Qinghai - Tibet train trip

CHINA | Wednesday, 17 March 2010 | Views [805]

More yaks, more snow

More yaks, more snow

Back on the trains again, this time across the Qinghai Plateau and in to Tibet.

The Chinese are very proud of this rail line - as they are of most things they get right - but it is certainly a interesting trip. There are commentaries along the way letting you know where you are, how high or cold it is, and what the silly looking pipes are that are sticking out of the ground are for.

Around 500km of the total 2000km rail line is built on permafrost so there are all sorts of measures in place to stop the ground thawing - read tracks sinking - that the Chinese railway Institute, amongst other institutes, have trialled and come up with to protect their 'engineering marvel'. Sorry, but the propoganda gets a bit thick along the way. They have 7m pipes in the ground full of liquid ammonia that will turn to gas when the ground warms up. The gas then rises up the pipe to the top where there are radiating fins that let the heat escape and the outside freezing air cools the gas back to liquid. There are other horizontal pipes with temperature valves on one end that will let warm air escape and trap cold air under the ground. There was even a shed over one spot on the edge of a river to stop the sun getting on to the ground. All in all there was a lot of money spent on the line and they are not shy when it comes to letting pepole know how much.

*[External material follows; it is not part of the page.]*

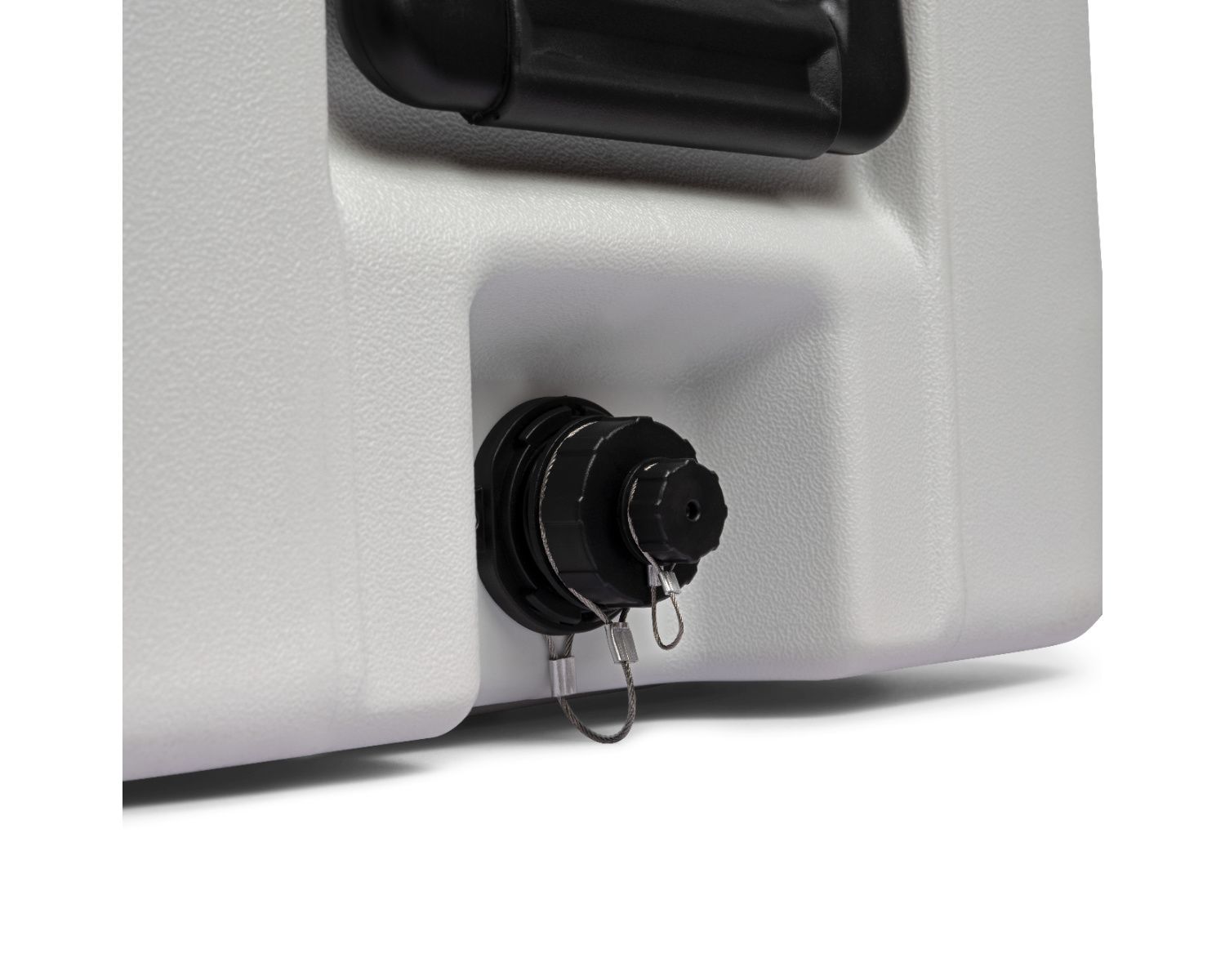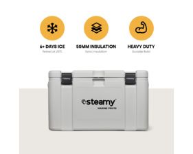 La Steamy Marine Pro 70 est équipée de points d'arrimage qui vous permettent de sécuriser la glacière pour qu'elle reste en place, même sur les mers agitées. Les fermetures et les poignées en acier inoxydable assurent non seulement la durabilité de la glacière, mais aussi son étanchéité pour protéger son contenu des intempéries. Les poignées robustes permettent de transporter la glacière sans effort, même lorsqu'elle est entièrement chargée.

Our trip started from Xining, capitol of north west China's Qinghai province. In the train station any yellow haired people got checked over to make sure they have their TTP (Tibet Travel Permit) in order. Foreignors are not allowed to enter Tibet without one and the entry / exit dates have to line up or you can either sit at the station a day or so, or if you've stuffed up, find yourself sitting in another kid of station - with cops. We got checked over at least twice, but the interesting thing was we got an easier time of it than a few of the very non Han Chinese - read Tibetan - looking people going to do the same trip with us. They would get asked for ID cards - ALL Chinese have one - , some would get asked for some papers, and they would have them taken off them, recorded, photocopied and given back. Only to have another cop come along half an hour later to repeat the whole procedure.

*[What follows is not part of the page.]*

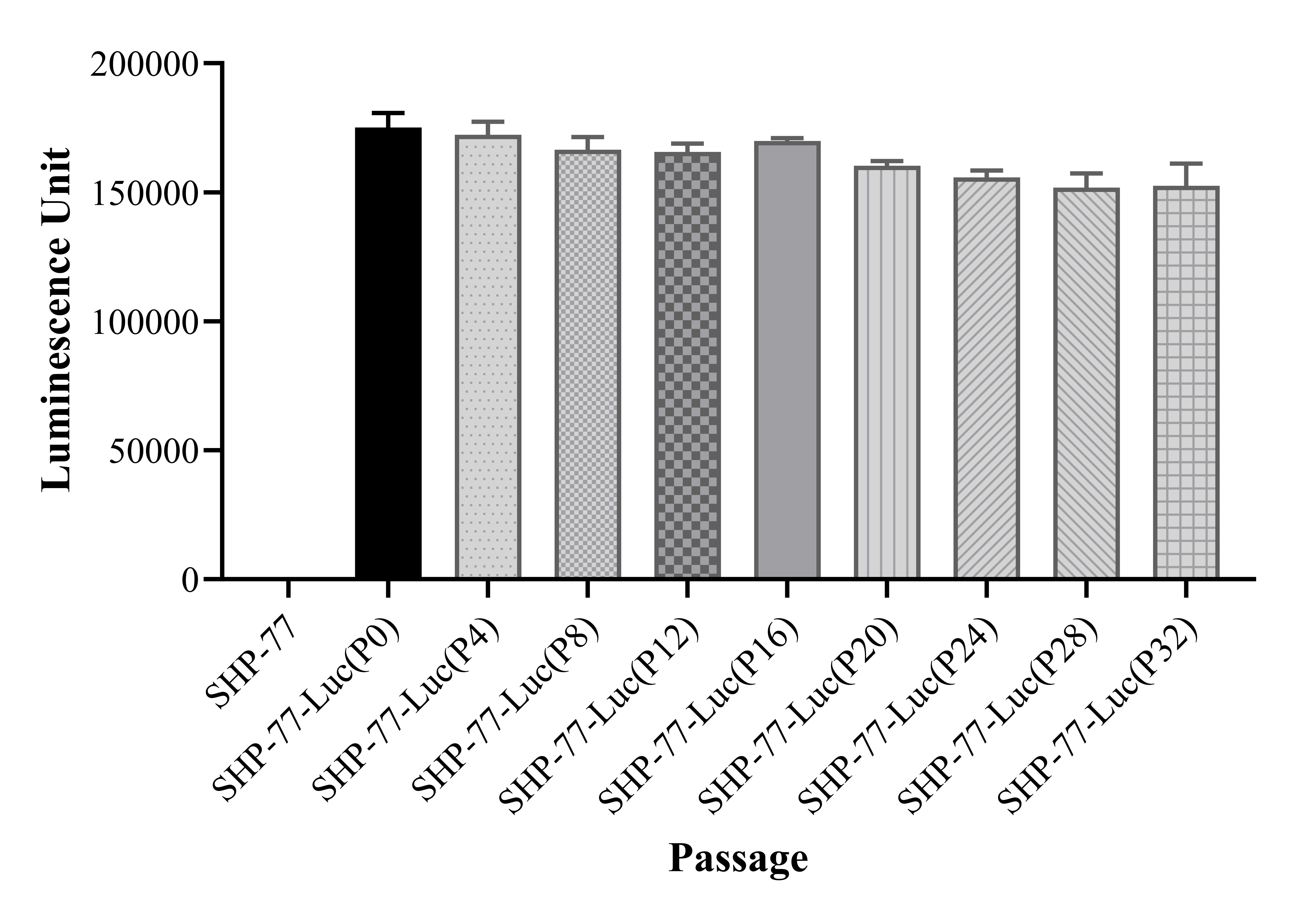 Figure 1. Stablity test results. SHP-77-Luc showed at least 32 passage stability with similar luminescence unit.  |

Once we got on the train we shared a soft sleeper berth with a young Han Chinese buddhist, an engineer working in Lhasa and a Wrigleys chewing gum executive, all from from Beijing. Gordon, our chewing gum supplier for the trip, spoke fluent english almost ALL the way but was a nice enough guy to with it.

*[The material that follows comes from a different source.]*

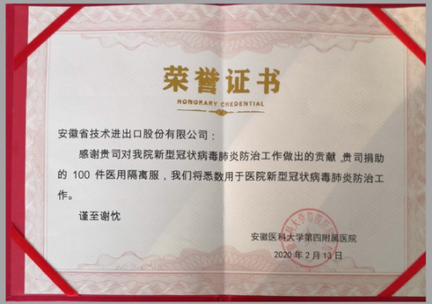 新冠肺炎疫情爆發以來,安徽醫科大學第四附屬醫院承擔著繁重的疫情防治任務。在聽聞該院急需各類防護物資的消息后,安徽技術公司黨委書記、董事長程峰在安排企業做好自身疫情防控工作的同時,廣泛動員力量,充分調動資源,克服困難緊急籌集了100件醫用隔離服捐助安醫四附院,為緩解該院醫護人員防護物資緊缺獻上一份綿薄之力。

So for almost 24 hours we slowly climbed from 2000m in Xining, past Qinghai lake at 3500m - in the dark - the over the Kunlun Mountains at 5100m, then through the worlds highest tunnel at 5070m - dug through permanently frozen ground - and back down to the the relatively low altitude of 4000m at Lhasa.

For the last hour or so we followed the Lhasa river in to where we saw the Potala Palace set on a hill in town before stepping off the train to be herded past the black uniformed police through the gate to, you guessed it, more checks and questions. Welcome to Tibet.